#### [Recorded data]
——————

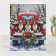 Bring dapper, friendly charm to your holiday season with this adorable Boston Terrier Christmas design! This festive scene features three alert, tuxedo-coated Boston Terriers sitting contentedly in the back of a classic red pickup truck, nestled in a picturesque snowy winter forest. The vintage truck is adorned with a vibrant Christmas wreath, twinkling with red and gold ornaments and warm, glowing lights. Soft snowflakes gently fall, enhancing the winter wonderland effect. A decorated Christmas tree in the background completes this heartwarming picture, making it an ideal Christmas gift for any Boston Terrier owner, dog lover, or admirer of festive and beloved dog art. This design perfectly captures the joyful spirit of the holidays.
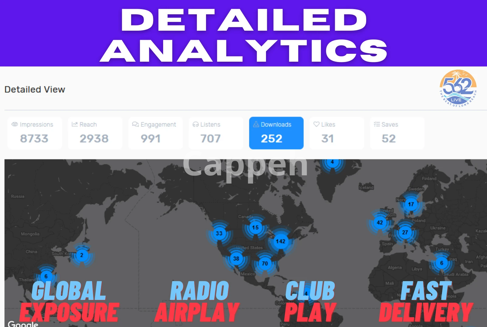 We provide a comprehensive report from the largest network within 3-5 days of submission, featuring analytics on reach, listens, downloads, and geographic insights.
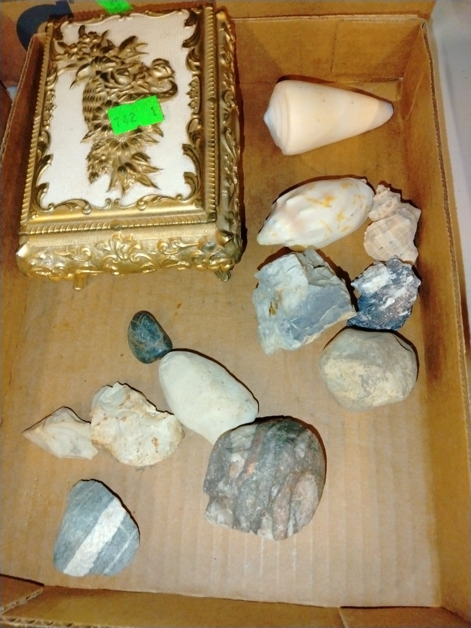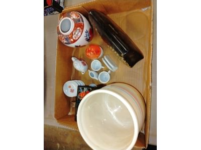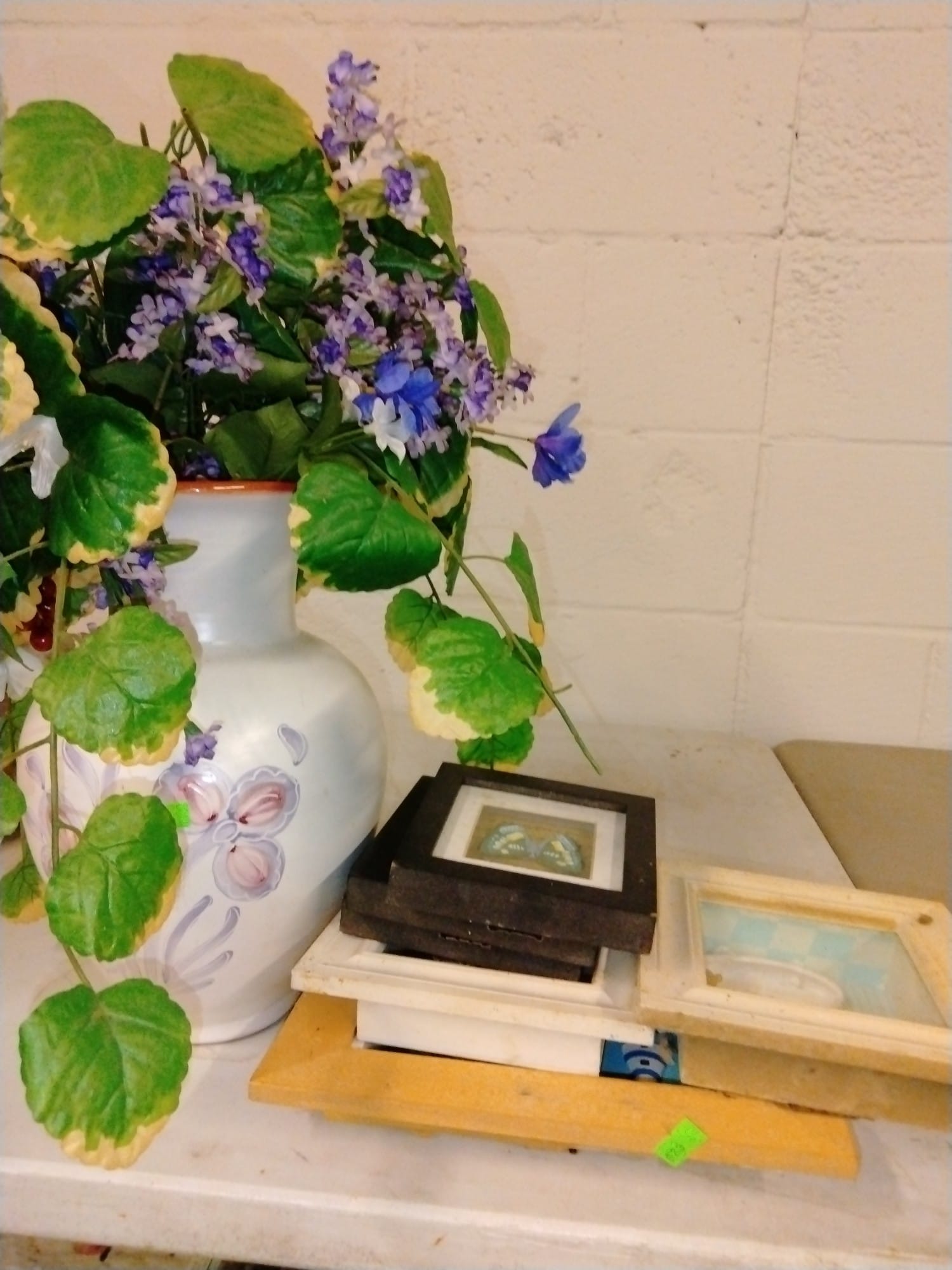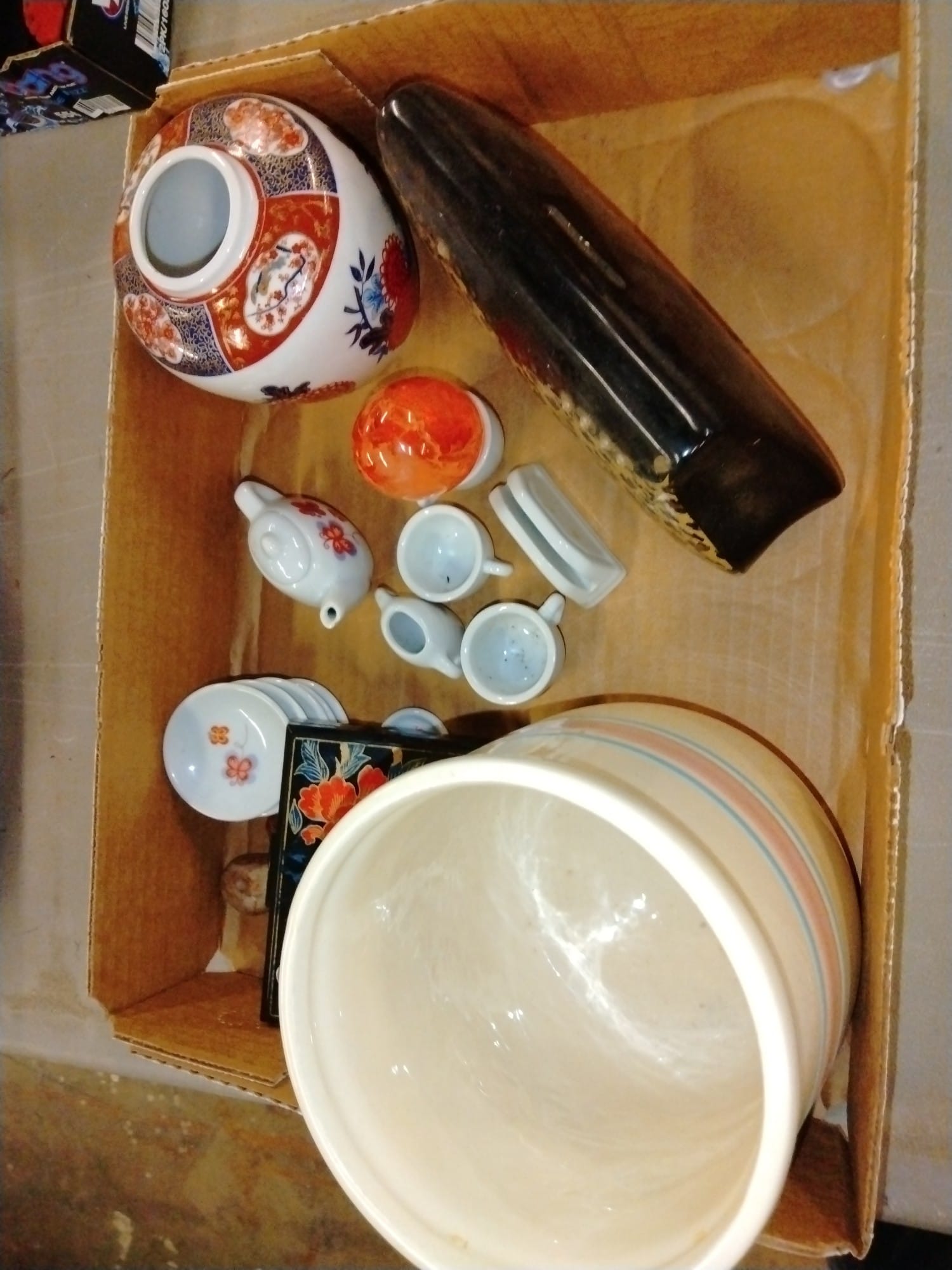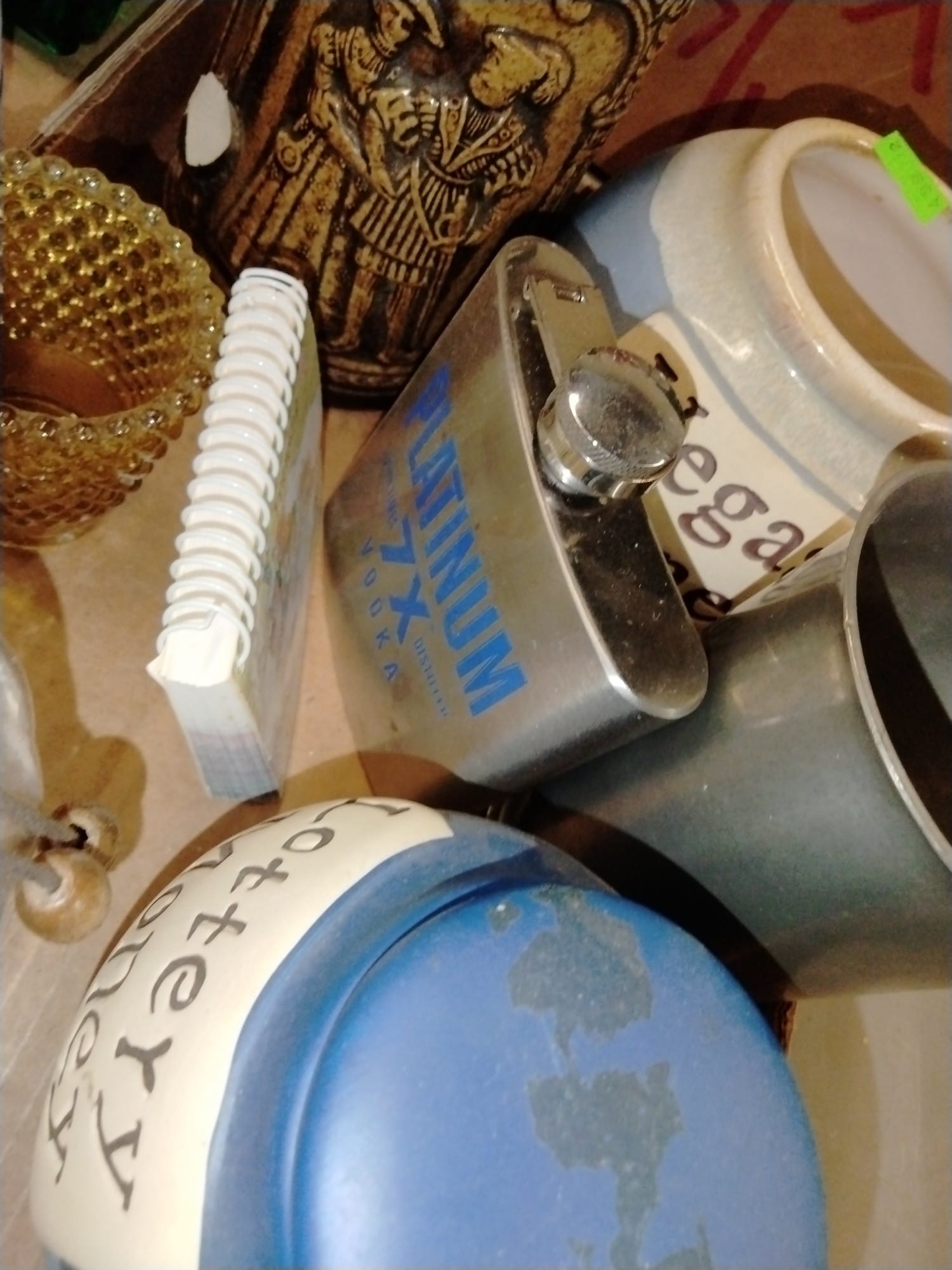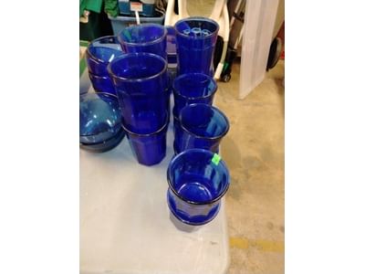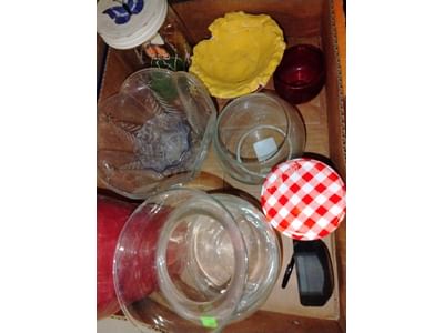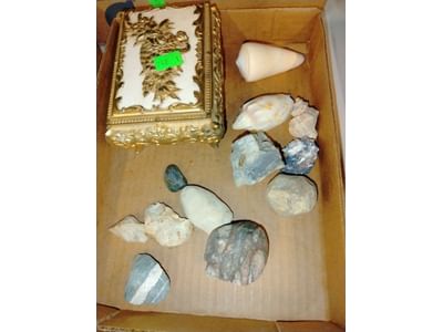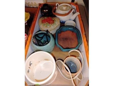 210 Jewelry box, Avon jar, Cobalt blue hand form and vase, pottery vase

——————

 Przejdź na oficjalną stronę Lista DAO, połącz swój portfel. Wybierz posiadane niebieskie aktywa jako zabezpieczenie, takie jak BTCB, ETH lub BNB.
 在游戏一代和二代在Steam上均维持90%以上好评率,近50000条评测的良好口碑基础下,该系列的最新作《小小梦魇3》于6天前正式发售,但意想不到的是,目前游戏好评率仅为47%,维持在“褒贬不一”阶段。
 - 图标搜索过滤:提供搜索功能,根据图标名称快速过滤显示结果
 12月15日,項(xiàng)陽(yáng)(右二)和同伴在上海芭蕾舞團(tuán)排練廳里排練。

——————

#### [What is needed]
Working from the entries above, please transcribe only the lines from the line with "We provide a" through the line with "210 Jewelry box, Avon", exactly, with both end lines and without pictures.

#### [Your response]
 We provide a comprehensive report from the largest network within 3-5 days of submission, featuring analytics on reach, listens, downloads, and geographic insights.
 210 Jewelry box, Avon jar, Cobalt blue hand form and vase, pottery vase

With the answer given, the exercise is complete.